EXERCISE REQUIREMENTS >> For the material below, return exactly the lines starting at the line containing "Для роста узнаваемости" and ending at the line containing "Yellowtail sashimi with", both ends included, and no others.

LISTED ENTRIES >>
----

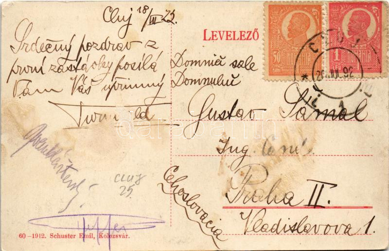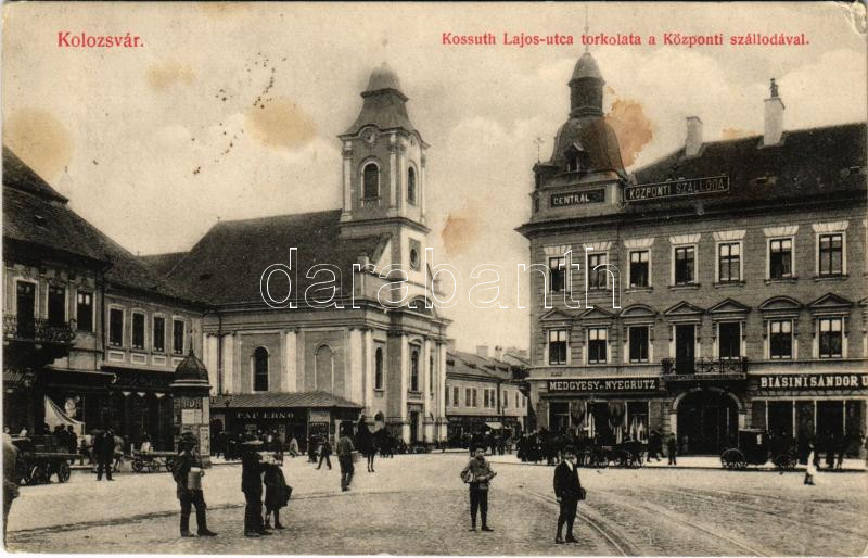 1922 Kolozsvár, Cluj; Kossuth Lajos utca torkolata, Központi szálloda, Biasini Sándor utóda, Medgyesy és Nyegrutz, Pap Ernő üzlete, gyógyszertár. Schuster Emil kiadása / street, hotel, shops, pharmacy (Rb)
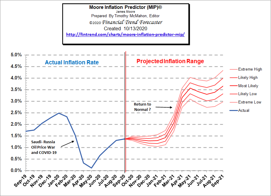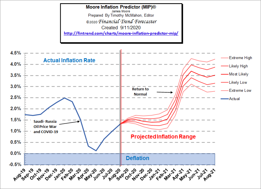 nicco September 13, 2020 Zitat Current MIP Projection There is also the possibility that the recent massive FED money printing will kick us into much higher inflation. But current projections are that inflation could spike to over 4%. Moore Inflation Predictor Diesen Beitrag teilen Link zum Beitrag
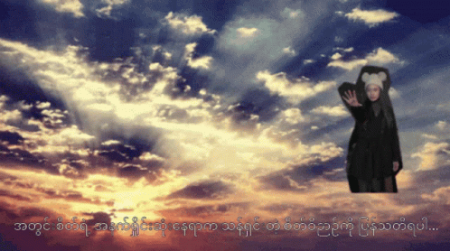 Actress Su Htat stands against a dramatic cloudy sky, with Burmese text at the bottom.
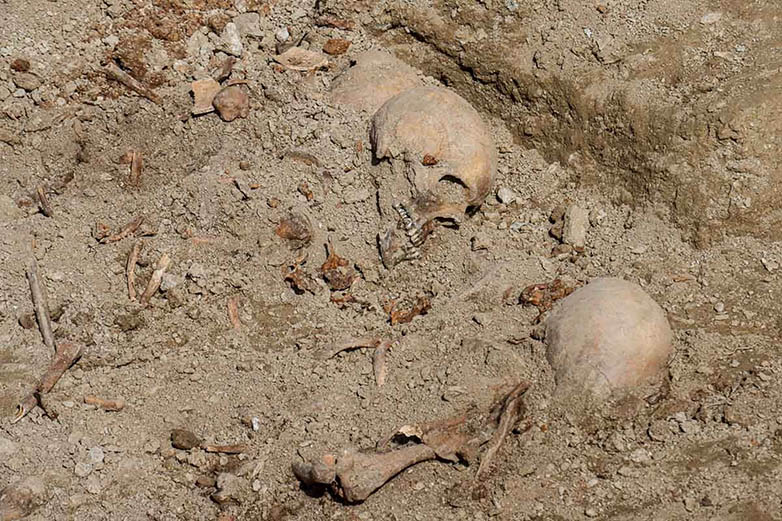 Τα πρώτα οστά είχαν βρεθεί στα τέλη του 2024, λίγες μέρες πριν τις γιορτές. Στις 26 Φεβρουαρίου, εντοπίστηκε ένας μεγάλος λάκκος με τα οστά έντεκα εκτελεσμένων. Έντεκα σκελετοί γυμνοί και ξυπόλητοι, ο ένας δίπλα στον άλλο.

----

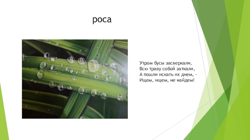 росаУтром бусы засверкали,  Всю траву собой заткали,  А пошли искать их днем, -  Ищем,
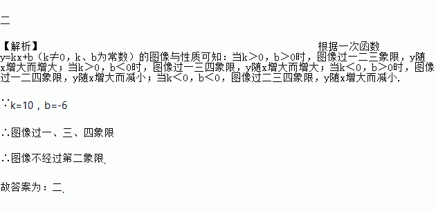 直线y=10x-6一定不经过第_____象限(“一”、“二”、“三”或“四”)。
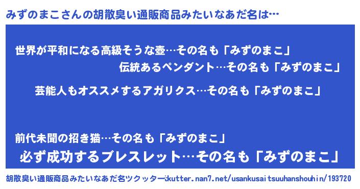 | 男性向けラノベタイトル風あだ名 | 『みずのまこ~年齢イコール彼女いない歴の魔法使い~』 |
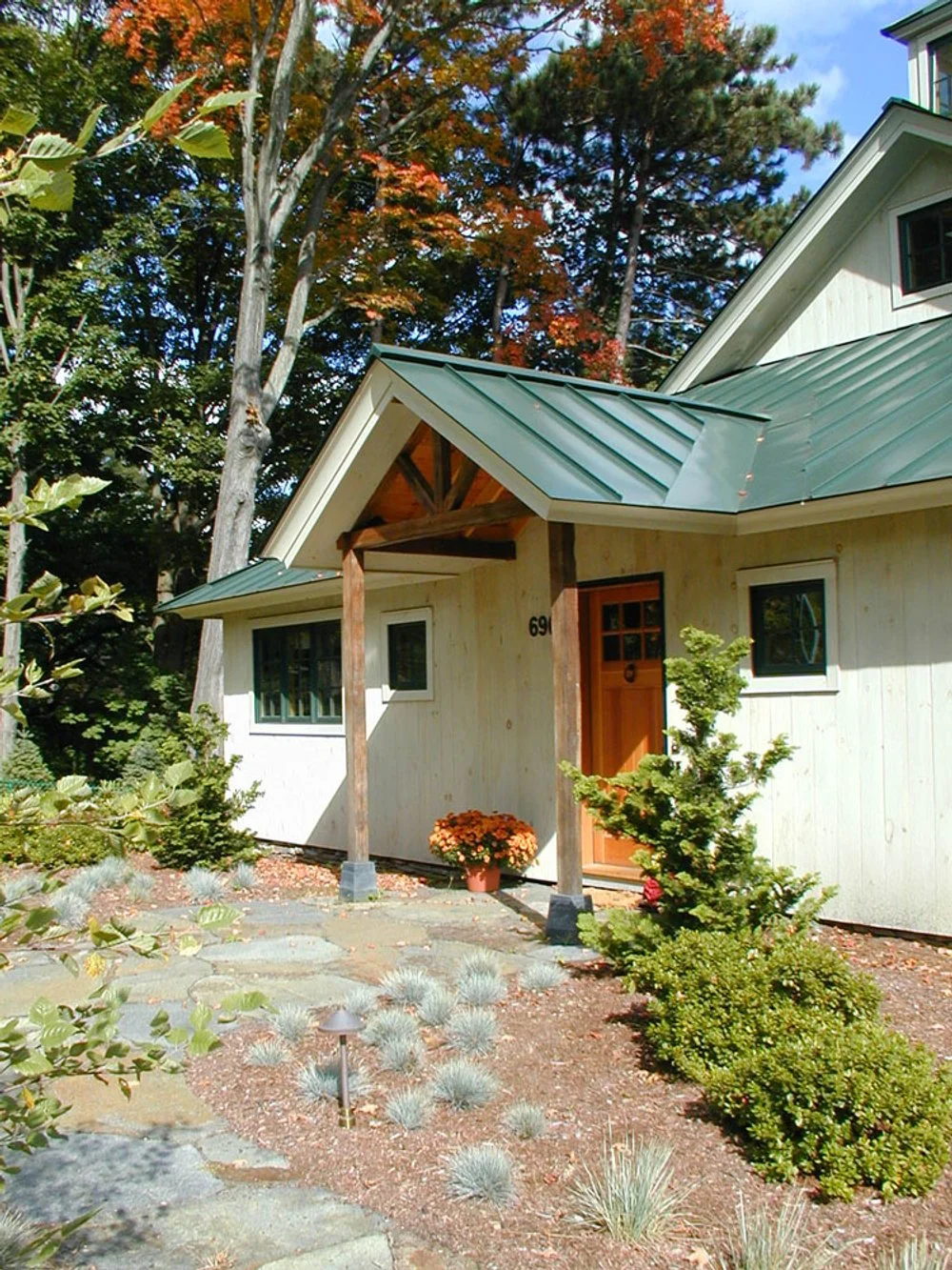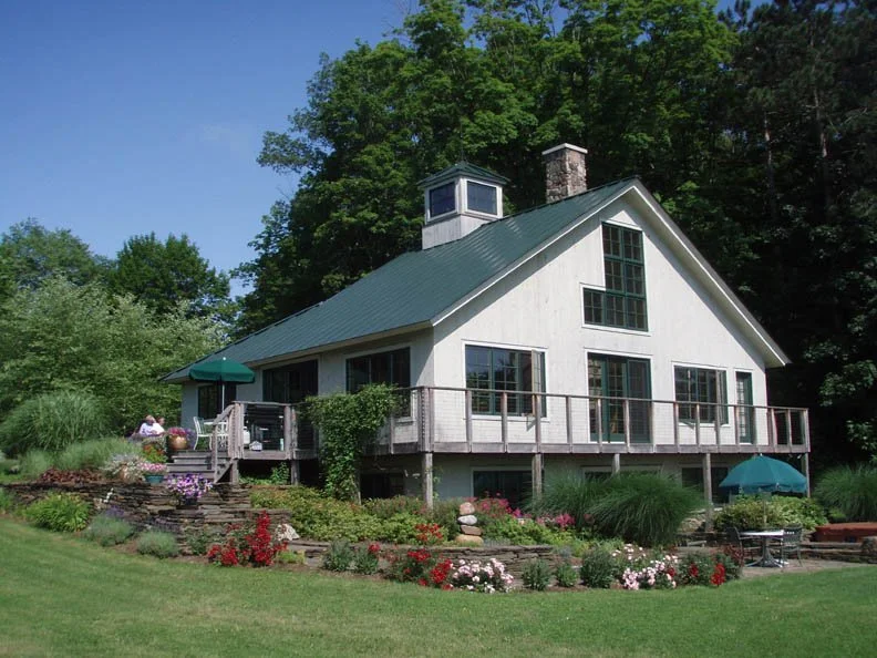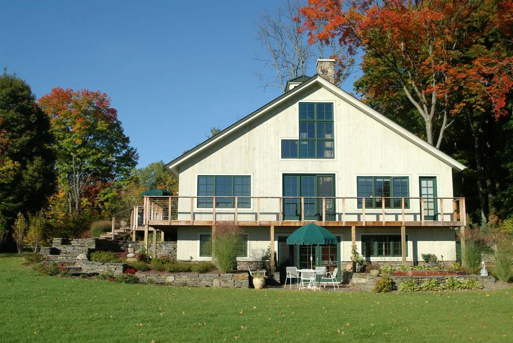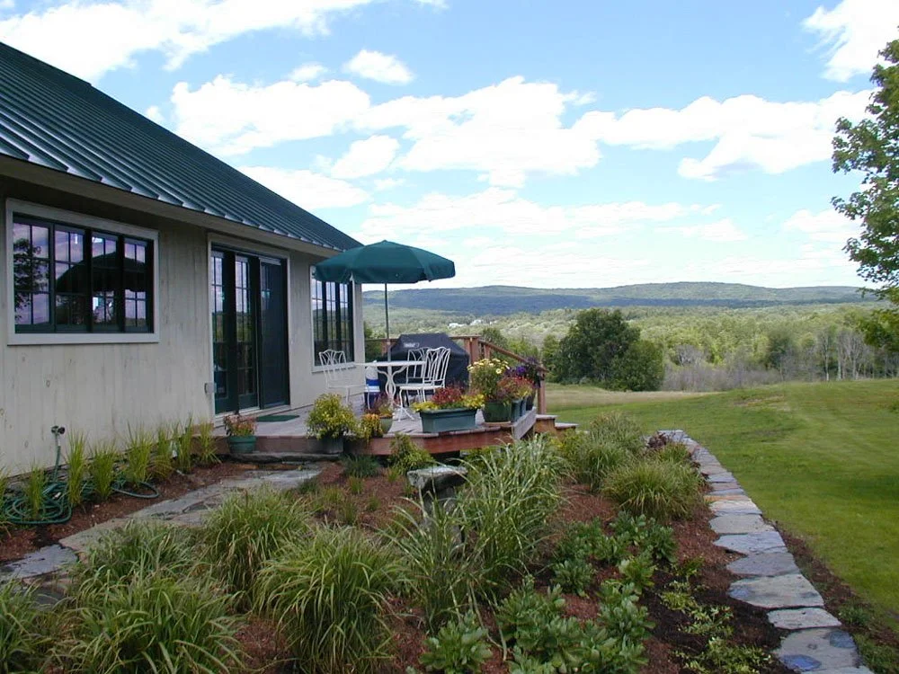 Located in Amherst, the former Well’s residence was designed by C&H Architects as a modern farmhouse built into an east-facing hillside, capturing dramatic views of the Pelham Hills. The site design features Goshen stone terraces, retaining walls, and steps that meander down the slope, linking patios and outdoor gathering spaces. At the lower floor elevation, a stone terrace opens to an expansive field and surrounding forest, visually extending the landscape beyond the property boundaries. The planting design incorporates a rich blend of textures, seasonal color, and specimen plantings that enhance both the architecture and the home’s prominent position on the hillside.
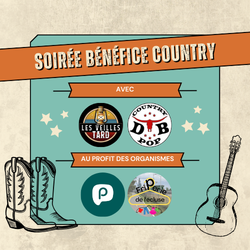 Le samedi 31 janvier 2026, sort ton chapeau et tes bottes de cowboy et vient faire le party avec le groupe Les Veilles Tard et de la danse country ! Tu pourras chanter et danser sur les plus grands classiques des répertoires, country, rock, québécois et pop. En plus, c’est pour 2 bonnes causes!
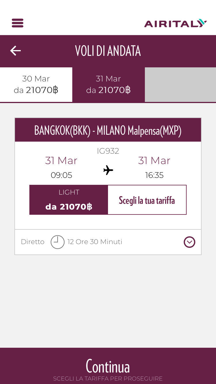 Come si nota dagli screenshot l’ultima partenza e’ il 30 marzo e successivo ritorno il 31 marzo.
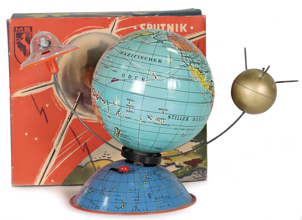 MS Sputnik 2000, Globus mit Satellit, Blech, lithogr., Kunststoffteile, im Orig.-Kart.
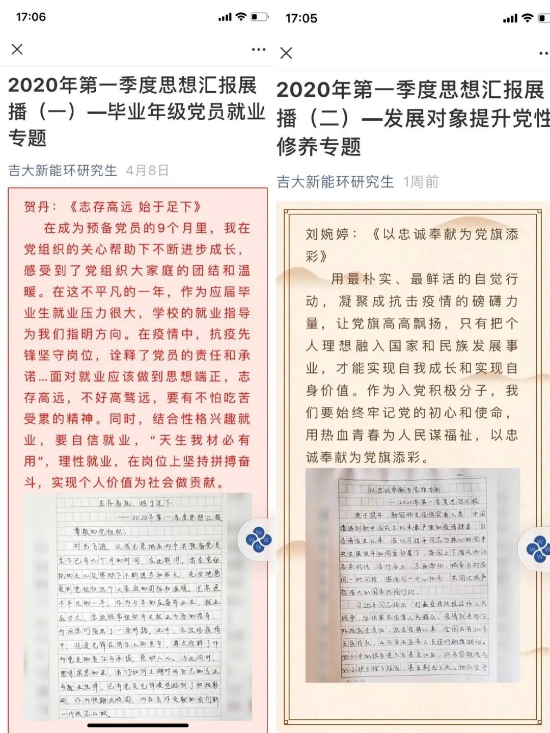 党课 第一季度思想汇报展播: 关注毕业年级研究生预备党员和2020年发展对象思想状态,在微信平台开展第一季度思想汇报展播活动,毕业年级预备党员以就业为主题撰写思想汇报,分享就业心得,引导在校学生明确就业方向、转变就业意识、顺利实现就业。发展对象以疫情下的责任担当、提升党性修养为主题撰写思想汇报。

----

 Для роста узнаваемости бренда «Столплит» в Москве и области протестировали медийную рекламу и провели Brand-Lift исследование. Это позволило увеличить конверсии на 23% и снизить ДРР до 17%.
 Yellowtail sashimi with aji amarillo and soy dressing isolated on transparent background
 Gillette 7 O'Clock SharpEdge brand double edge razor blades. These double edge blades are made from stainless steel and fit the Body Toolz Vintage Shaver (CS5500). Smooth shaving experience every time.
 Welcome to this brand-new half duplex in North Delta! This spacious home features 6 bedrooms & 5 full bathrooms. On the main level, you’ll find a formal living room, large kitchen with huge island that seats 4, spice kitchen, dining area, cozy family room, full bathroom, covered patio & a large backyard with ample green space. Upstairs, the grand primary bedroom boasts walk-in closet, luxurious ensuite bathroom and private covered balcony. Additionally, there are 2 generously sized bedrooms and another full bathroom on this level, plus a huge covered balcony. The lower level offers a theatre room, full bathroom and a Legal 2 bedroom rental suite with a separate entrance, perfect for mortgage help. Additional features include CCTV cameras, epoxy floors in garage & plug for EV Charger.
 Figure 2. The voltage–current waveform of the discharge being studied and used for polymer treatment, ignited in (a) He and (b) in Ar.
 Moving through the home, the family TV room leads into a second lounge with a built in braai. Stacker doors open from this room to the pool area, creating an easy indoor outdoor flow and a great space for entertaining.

----

YOUR SOLUTION >>
 Для роста узнаваемости бренда «Столплит» в Москве и области протестировали медийную рекламу и провели Brand-Lift исследование. Это позволило увеличить конверсии на 23% и снизить ДРР до 17%.
 Yellowtail sashimi with aji amarillo and soy dressing isolated on transparent background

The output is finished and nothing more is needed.